Microbial hazards can be classified in many different ways, including the type of disease-causing organism, the type of disease, the severity of the disease and the route of infection. Perhaps the most useful way of discussing microbial hazards encountered by funeral workers is by route of infection. The routes of infection are ingestion, inhalation, touch or surface contact and parenteral, or puncture of a body surface.

Ingestion as a route of exposure can be controlled by proper personal hygiene - that is, always washing hands before eating or smoking, and by keeping food, drink or any object that will be put in the mouth (such as cigarettes) out of areas of possible contamination. This is important for controlling chemical exposure as well. In addition to careful personal hygiene, wearing impermeable gloves when handling the dead can reduce the probability of infection.

Inhalation exposure occurs only when disease-causing organisms become airborne. For funeral workers the two primary ways that pathogens can become airborne are during an exhumation or during autopsy procedures in which a saw is used to cut through bone. A third possibility of aerosolizing a pathogen - tuberculosis, for example - is when air is forced out of the lungs of a corpse during handling. Although the epidemics of the past have included plague, cholera, typhoid, tuberculosis, anthrax and smallpox, only the organisms causing anthrax and smallpox appear capable of surviving any length of time after burial (Healing, Hoffman and Young 1995). These pathogens would be found in any of the soft tissues, not the bones, and particularly in soft tissues that have become mummified and/or dried out and friable. The anthrax bacterium can form spores that remain viable for long periods, especially under dry conditions. Intact smallpox viruses taken from the tissues of bodies buried in the 1850s were identified under the electron microscope. None of the viruses grew in tissue culture and they were deemed to be non-infective (Baxter, Brazier and Young 1988). Smallpox virus has remained infective, however, after 13 years in dry storage under laboratory conditions (Wolff and Croon 1968). An article appearing in the Journal of Public Health (UK) during the 1850s reports concern about smallpox infectivity from remains buried two hundred years earlier in Montreal, when smallpox was widespread in the New World (Sly 1994).
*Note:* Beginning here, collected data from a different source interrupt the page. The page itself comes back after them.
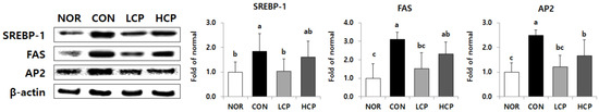 Compared to the CON group, protein expression levels involved in lipogenesis were significantly different only in the LCP group (Figure 7). The levels of SREBP-1, FAS, and AP2 in the LCP group were significantly lower by 43.7%, 51.0%, and 49.8%, respectively (p < 0.05).
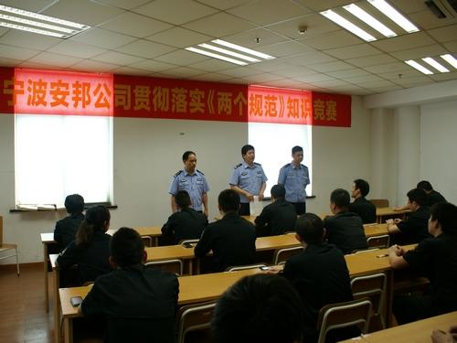 為全面推動寧波安邦護衛有限公司學習省安邦護衛有限公司《兩個規范》活動向縱深發展,進一步營造全員參與的濃厚氛圍。2012年5月12日,寧波安邦護衛有限公司組織開展“貫徹落實《兩個規范》知識競賽”活動。公司10支代表隊共49名選手參加了角逐,公司張正逸總經理、董國平副總經理到競賽現場巡考。
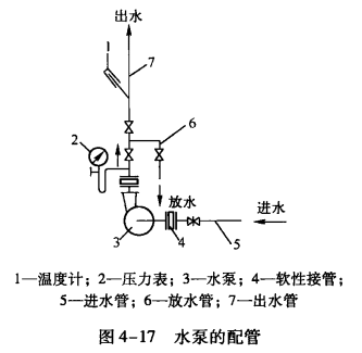 水泵的配管如圖4-17所示。為使水泵正常工作,水泵配管應注意以下幾點:
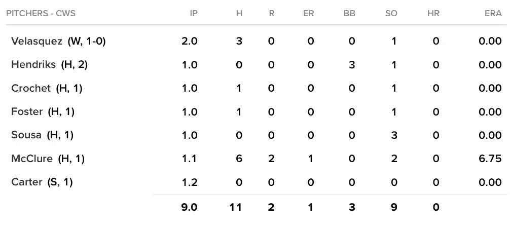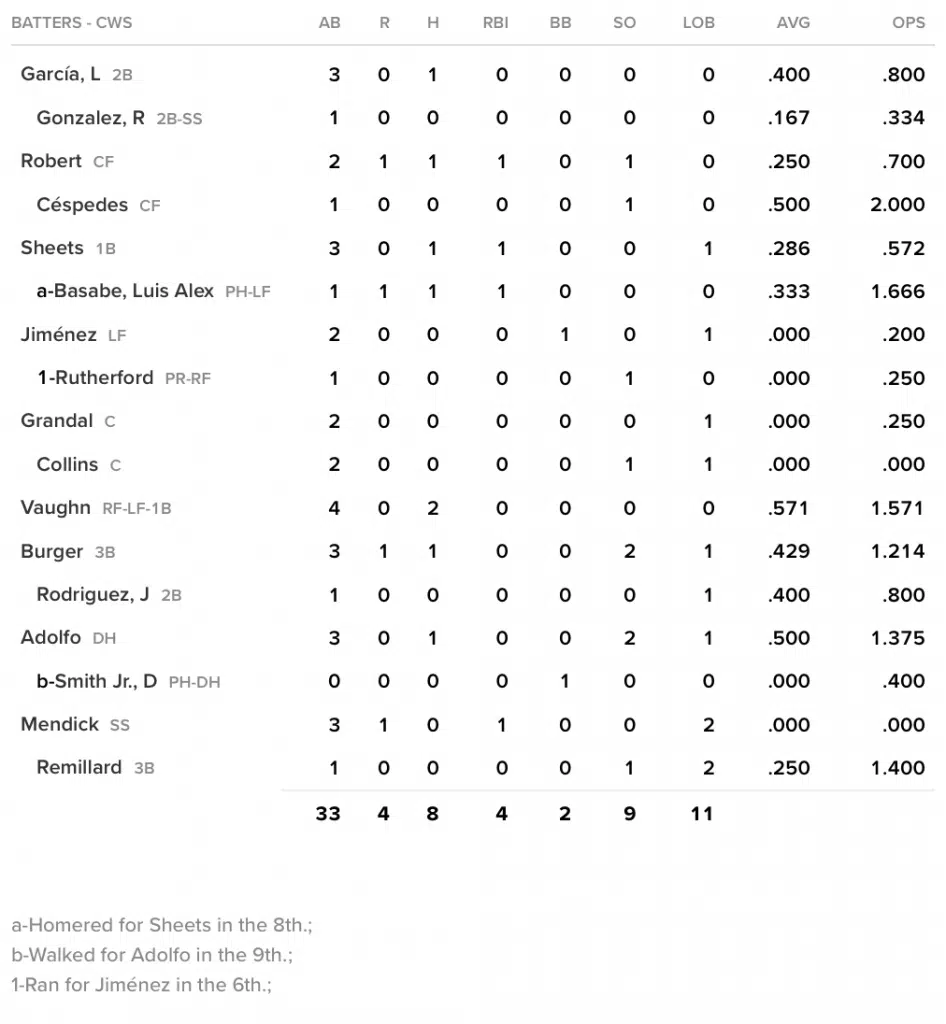 Other notable players to make an appearance today include: Leury Garcia, Yoelquis Cespedes, Romy Gonzalez, Eloy Jimenez, Yasmani Grandal, Jake Burger, Micker Adolfo, Danny Mendick, Liam Hendriks, Garret Crochet, and Matt Foster.
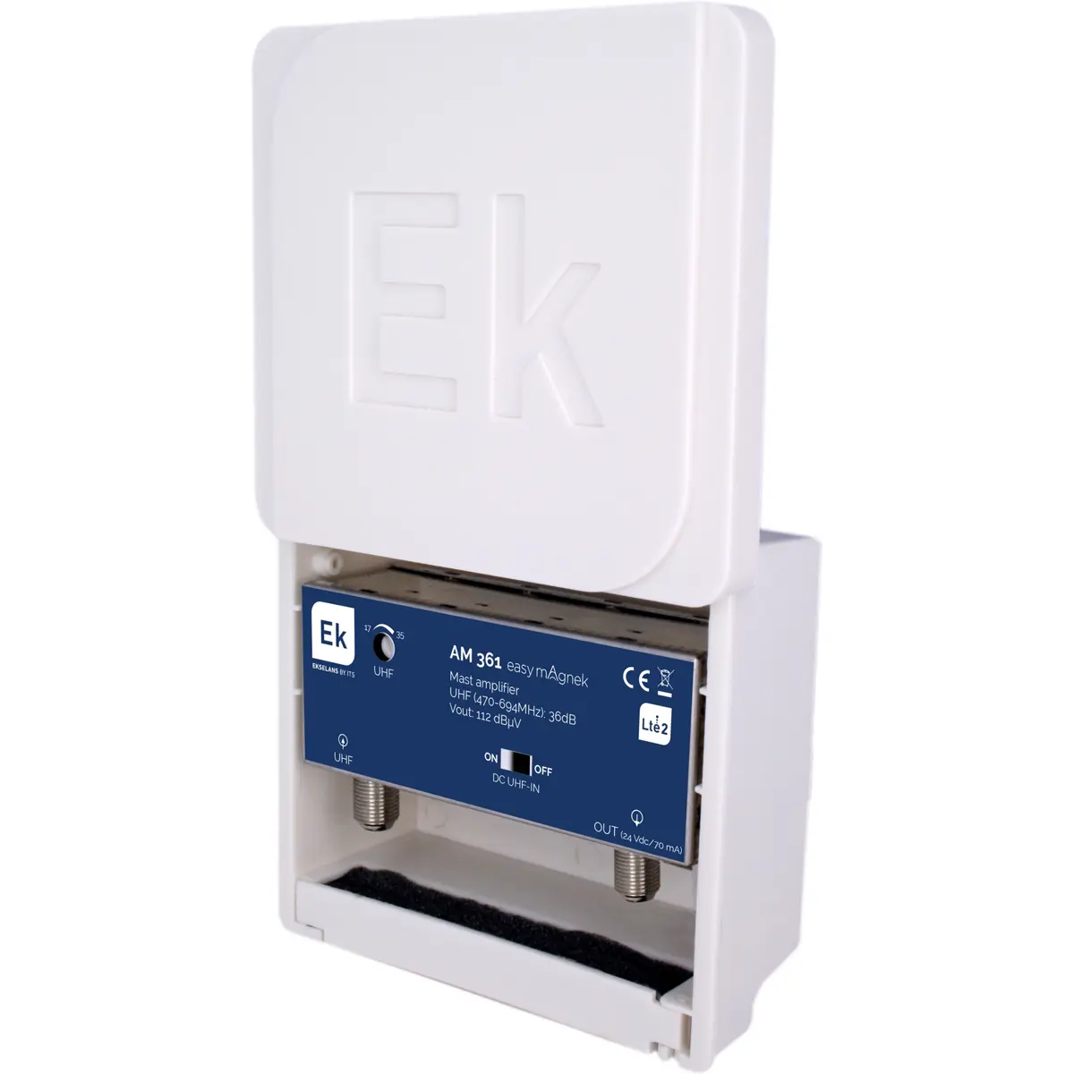 Ekselans AM361 EASY MAGNEK - Amplificador de mastro - 1 entrada [UHF] 36dB c/ filtro LTE - pré-fixação magnética
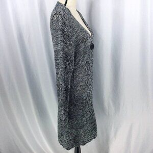 Chicos 2 Duster Cardigan Sweater Womens Size Large 12 Black Long Open Crochet
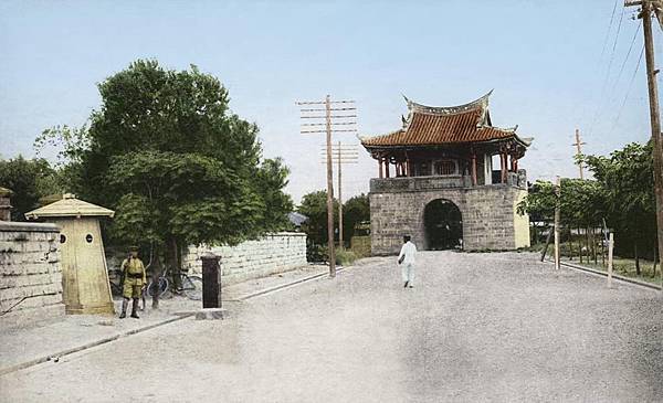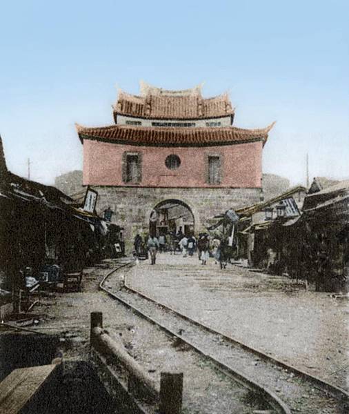 城門、行人、人力車、馬車、輕便車軌
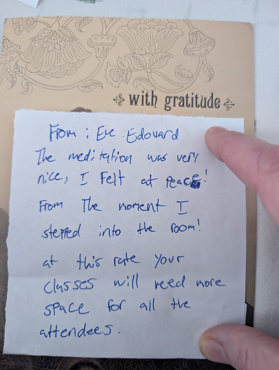 “The meditation was very nice, I Felt at Peace! From the moment I stepped into the room!
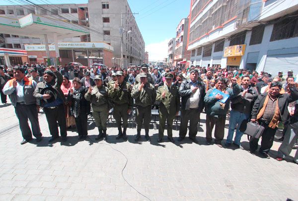 Por tal motivo, la Comuna organizó un acto para efectuar la posesión del Consejo de Seguridad Ciudadana de la Ciudad de El Alto, mismo que se realizó en la puerta de la Alcaldía Central.
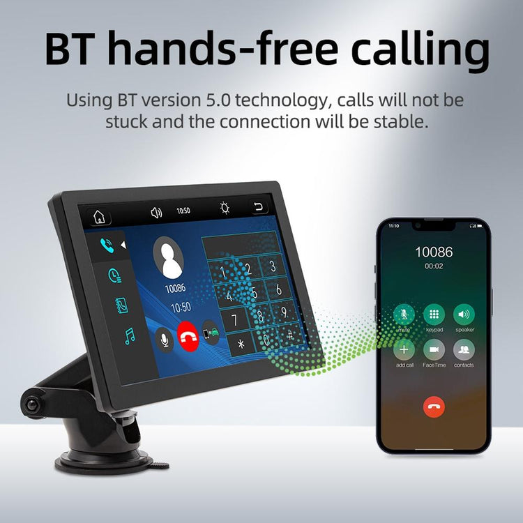 • Supports wired and wireless mobile phone screen projection, reversing image, built-in speaker, TF card, AUX port audio output (3.5MM), and reversing video input (2.5MM)
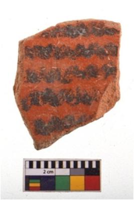 | Description / विवरण | Specimen of potsherd with decorative geometric painting. Type Black on Red Ware . |
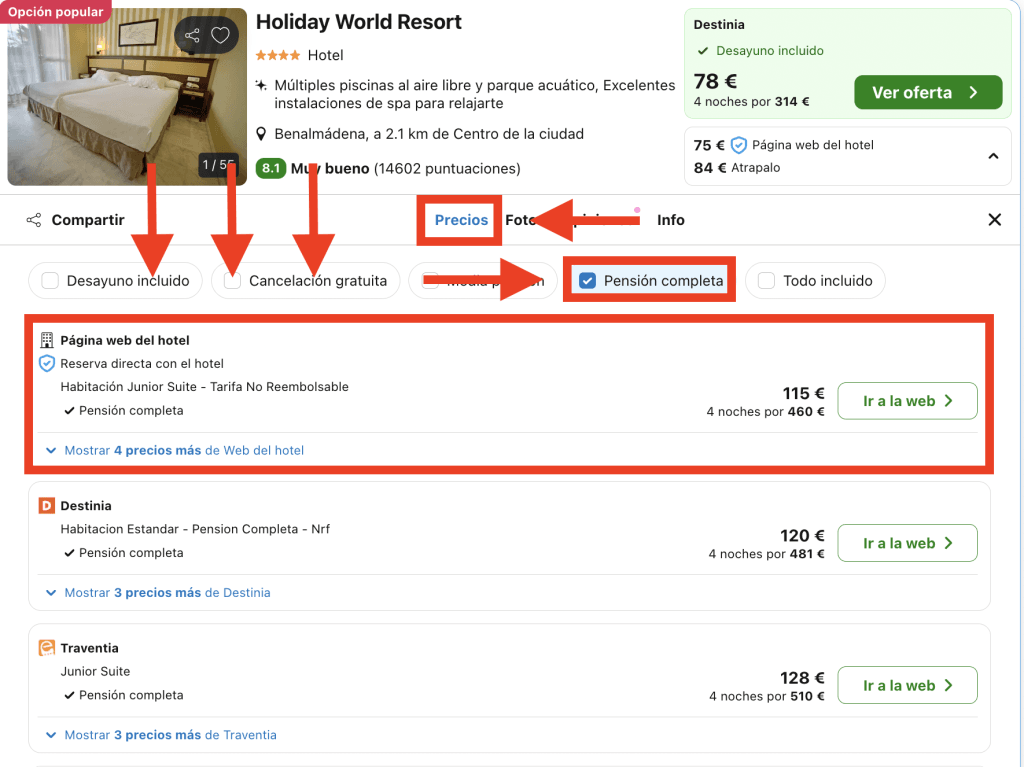 En Trivago, dirígete a la pestaña «Precios» en la página del hotel y elige la opción destacada:
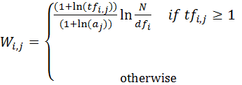 Chisholm and Kolda (1999) emphasized that application of the vector space method requires the use of a term weighting schema capable of determining the weight of the term in a corpus. We adopted the same scheme used by Loughran and McDonald (2011), since the results presented by these authors showed that the model mitigated noise caused by word misclassification. The model for term weighting is (Loughran and McDonald, 2011):
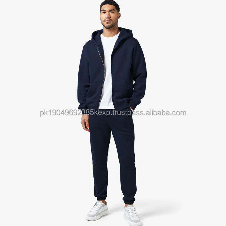 High Quality Solid Color Active Wear Two Piece Sets Full Zip up Hoodie Jogging Suit Custom Mens Training Tracksuits
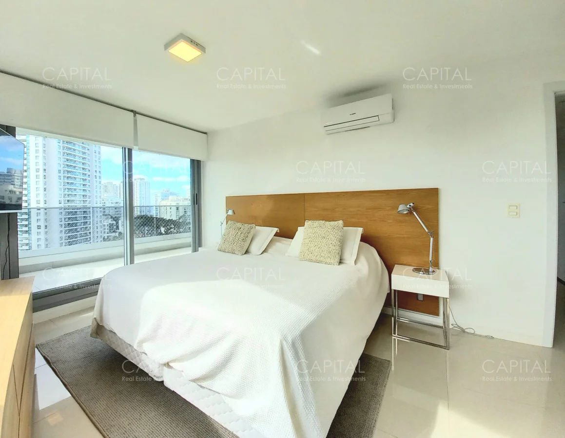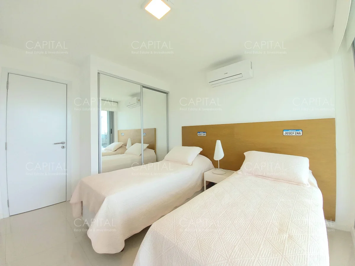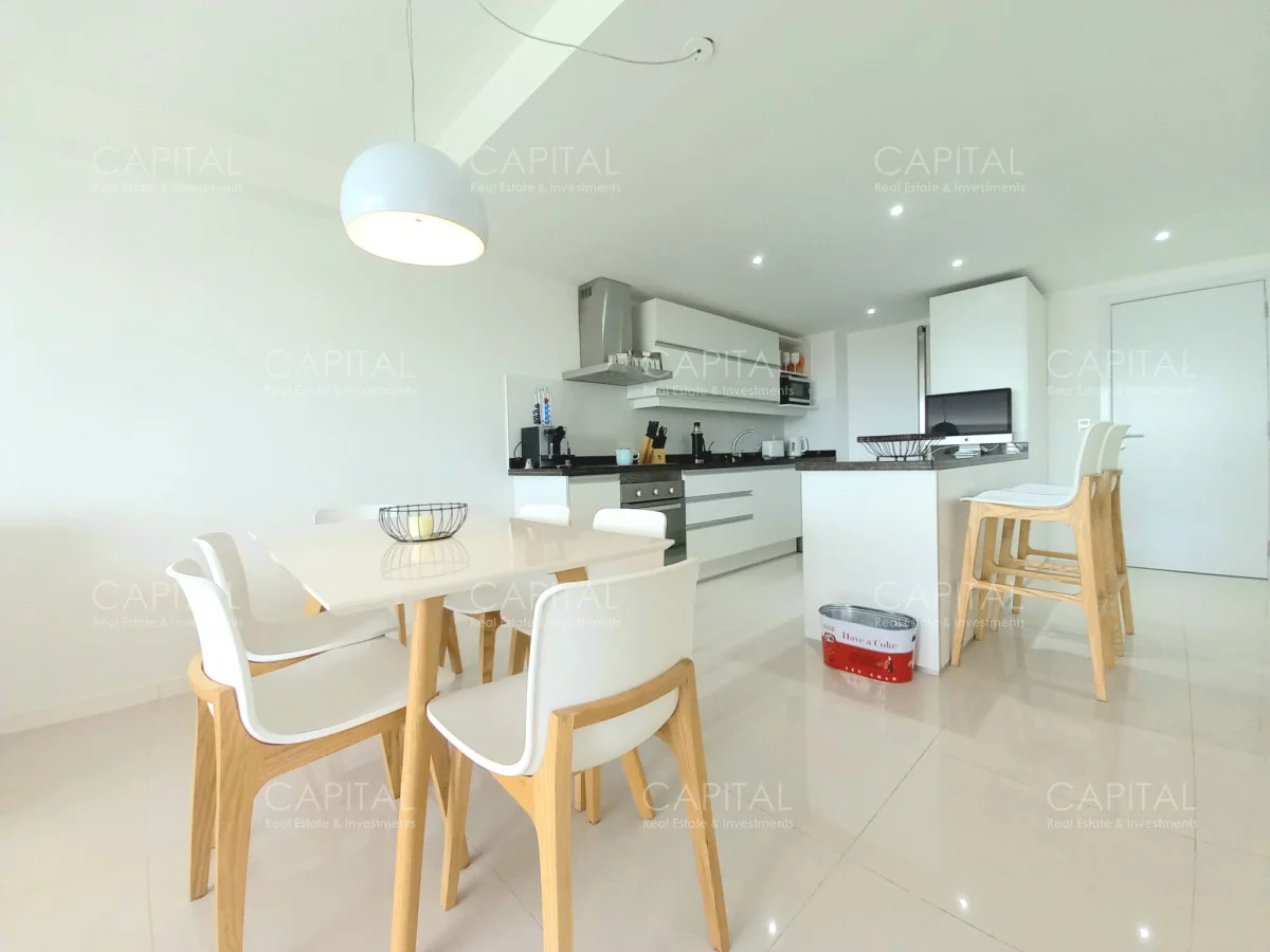 Espectacular departamento a metros del mar en muy buen edificio con vista. Se encuentra en excelente estado y muy bien equipado. Amplio y luminoso living-comedor con amplia cocina integrada. Dos dormitorios, uno en suite, mas dependencia de servicio con baño. Edificio con amenities y gastos comunes bajos. No dude en consultarnos. Referencia Interna : Tera-32749
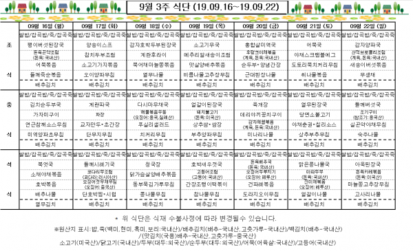 "금주의 식단 메뉴를 확인 할 수 있습니다."
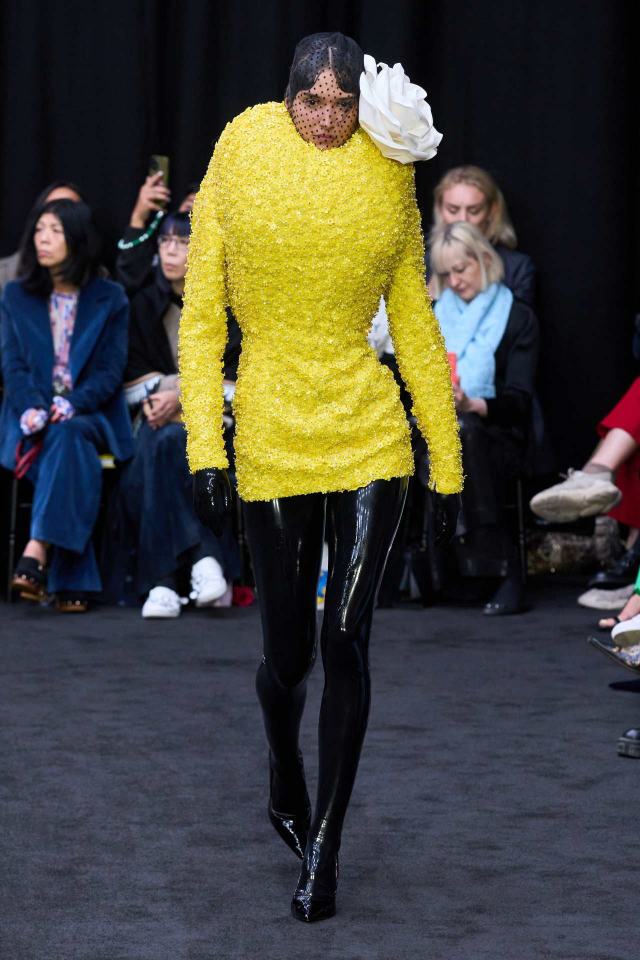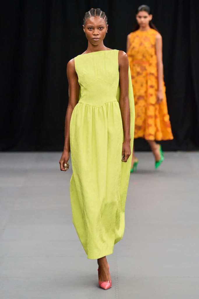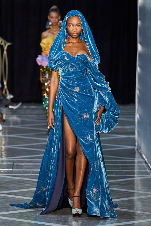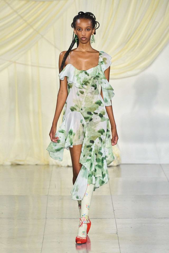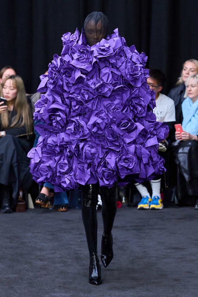 Richard Quinn: Richard Quinn pulled together an extra dramatic black funeral-themed series of looks in the wake of Queen Elizabeth’s demise. The man is simply too good. This was a true Quinn collection in all its Glory. The silhouettes were inspired by Queen’s fashion history and were as regally dramatic as they could be. While we all know Quinn is brilliant with color and prints this collection also proves his talent with just one color on the spectrum. The show gradually did on to more signature brand looks; striking colors in unusual silhouettes. While I question the monarchy’s existence often, it is sweet how the queen was one of the most prominent and early supporters of the designer’s work. He has a lot to thank her for and he did that pretty well here.
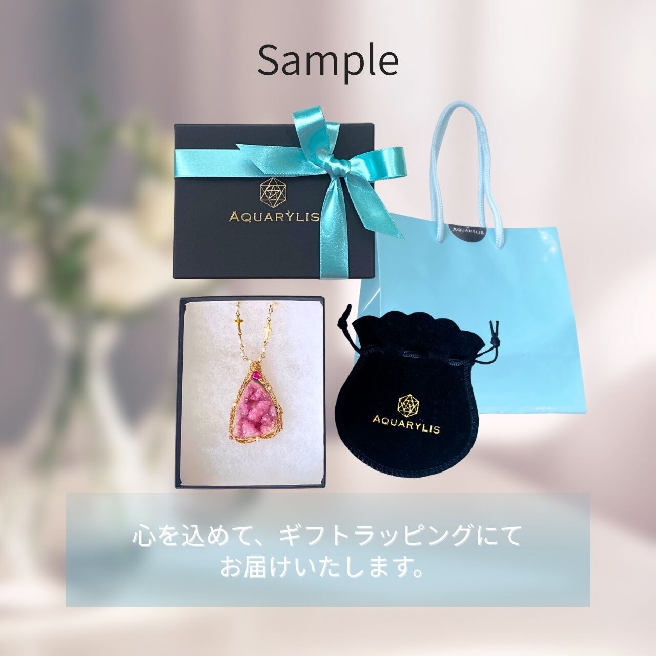 • 同梱物:ジュエリーメッセージカード/お手入れ方法カード/ロゴ入りBOX&ポーチ/リボンラッピング

Perhaps a more probable source of inhalation exposure during exhumation are fungal spores. Whenever old material of any sort is disturbed, protection against the inhalation of fungal spores should be provided. Disposable high efficiency particulate (HEPA) respirators, developed primarily for protection against tuberculosis and lead dust, are quite effective against fungal spores as well. In addition to microbial concerns, the possibility of exposure to wood dust and/or lead needs to be evaluated before any exhumation proceeds.

The primary route of infection for tuberculosis is inhalation. The incidence of tuberculosis has increased during the last quarter of the twentieth century, primarily due to decreased public health vigilance and the emergence of bacterial strains that are resistant to several groups of antibiotics. A recent study conducted at Johns Hopkins School of Public Health (Baltimore, Maryland, US) indicates that 18.8% of embalmers demonstrated positive results to tuberculin skin tests. Only 6.8% of people employed in the funeral business who are not embalmers demonstrated positive results to the same test. The lower rate of reactivity is similar to the general public (Gershon and Karkashion 1996).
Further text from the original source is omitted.